My sense is that Gamestop (GME) is only the beginning. There are countless small, thinly-traded stocks with relatively high short interest and high volumes of outstanding call options. Any one or more of these stocks makes a perfect target to engineer a gamma squeeze and having proven the point with (GME) and (AMC), and in some cases profited handsomely in the process, trader swarms will not only press the attack. They will broaden it out to hit as many available targets as possible.

Unlike any other investors in history, the goal of the trader swarms is not simply to generate capital. It is to destroy it. The fundamental assumption upon which the financial system is built - that all players will invariably act to maximize profits - is completely inapplicable in this instance. The trader swarms are, in a nutshell, the financial equivalent of the Trump supporters who stormed the US Capitol and at the moment, there don't appear to be many Capitol police on the beat.  

So for the time being, expect to see shares of companies you've never heard of soaring by 1,000s of percents per day for no obvious reason. At the same time, you can probably expect broader markets to falter as hedge funds unload assets to raise liquidity to cover shocking losses on their short positions. There could be a short liquidity crisis if brokerages become leary of extending credit to one another. At some point, exchanges will impose trading curbs on shares of companies like (GME) and (AMC), and the companies themselves will act quickly to take advantage of their soaring share prices by selling more freshly issued stock at wildly elevated prices - thereby alleviating any temporary shortages of supply. Fundamentally, the problem today is a supply/ demand imbalance.

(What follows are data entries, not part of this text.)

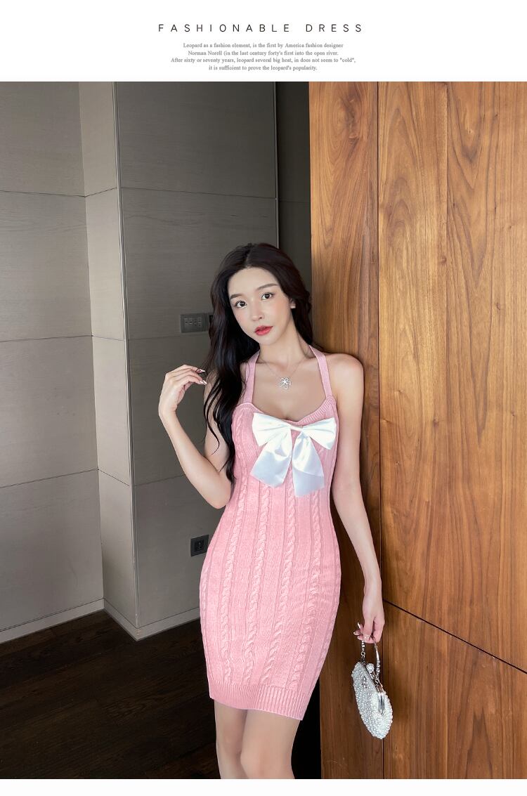 ニット2点セット女性秋ニットセット長袖ニットカーディガン+セクシーバックレススリムホルターストラップワンピースツーピーススーツ ロング オータム 秋物 Rhc65132275219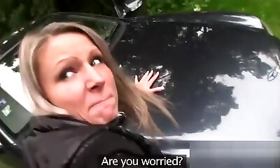 Light-haired gets pussy cumshot outdoors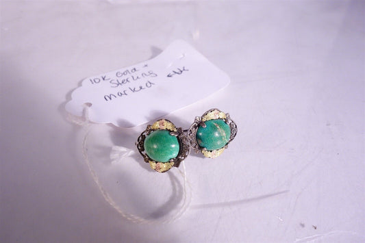 10K Gold & Sterling Earrings Vintage Jade

The systems already exist to address that problem, but take time to work. But when prices are swinging 1,000% per day, a shortage of time is just as dangerous as a shortage of stock. 

In the longer term, I expect brokers will dramatically raise the price for securities lending, or restrict that lending altogether for thinly traded stocks. Having suffered losses of 100% on certain investments, institutional investors will lose interest in hedge funds that engage in short selling. If either or both of those outcomes should come to pass, then I think there will be less short selling in the market going forward. Less shorting means lower selling pressure which could actually push overall stock prices much higher. In that sense, at least, I'd view a quick, violent market crash as an opportunity.    

Analyst's Disclosure: I/we have no positions in any stocks mentioned, and no plans to initiate any positions within the next 72 hours.

I am not an investment advisor and this is not investment advice.